Your instructions :: The following data needs to be repeated exactly, with all images excluded.
** Opening Supplied material block **
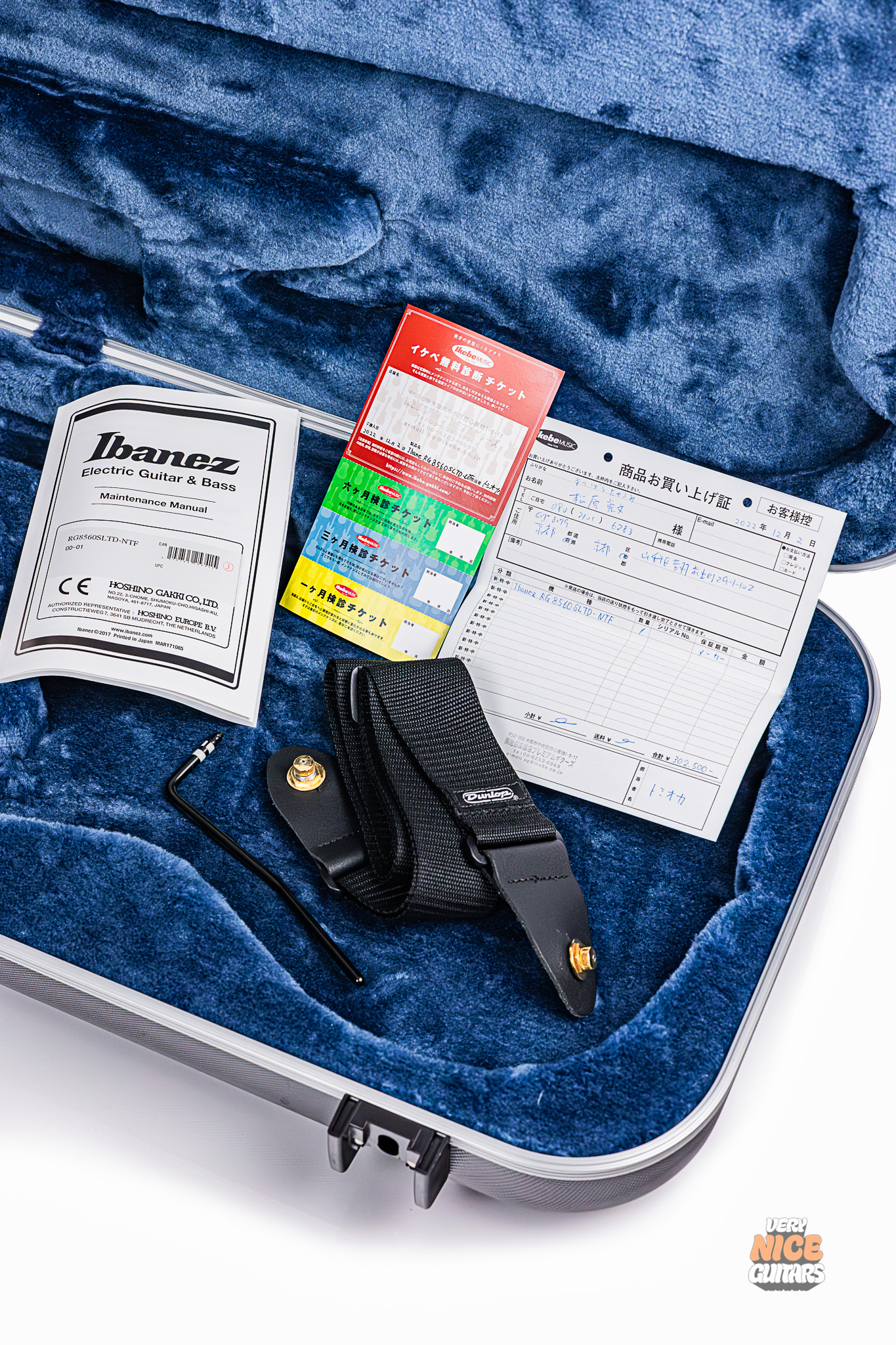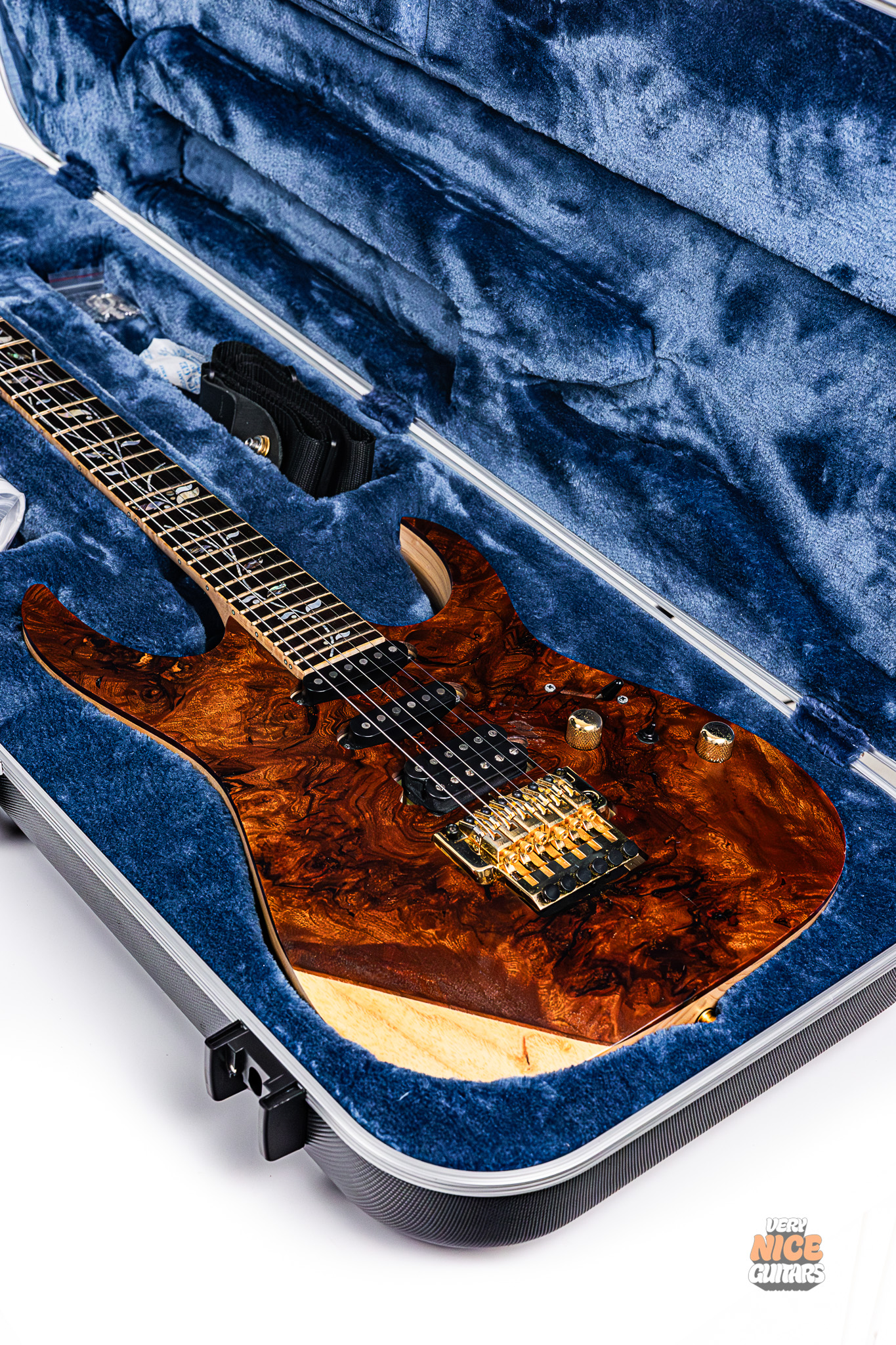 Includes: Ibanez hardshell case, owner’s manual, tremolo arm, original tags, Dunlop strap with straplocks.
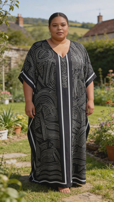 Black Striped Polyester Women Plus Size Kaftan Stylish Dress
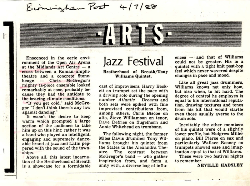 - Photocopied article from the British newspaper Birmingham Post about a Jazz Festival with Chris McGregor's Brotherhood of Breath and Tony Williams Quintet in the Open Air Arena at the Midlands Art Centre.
** Closing Supplied material block **
Exercise answer ::
 Includes: Ibanez hardshell case, owner’s manual, tremolo arm, original tags, Dunlop strap with straplocks.
 Black Striped Polyester Women Plus Size Kaftan Stylish Dress
 - Photocopied article from the British newspaper Birmingham Post about a Jazz Festival with Chris McGregor's Brotherhood of Breath and Tony Williams Quintet in the Open Air Arena at the Midlands Art Centre.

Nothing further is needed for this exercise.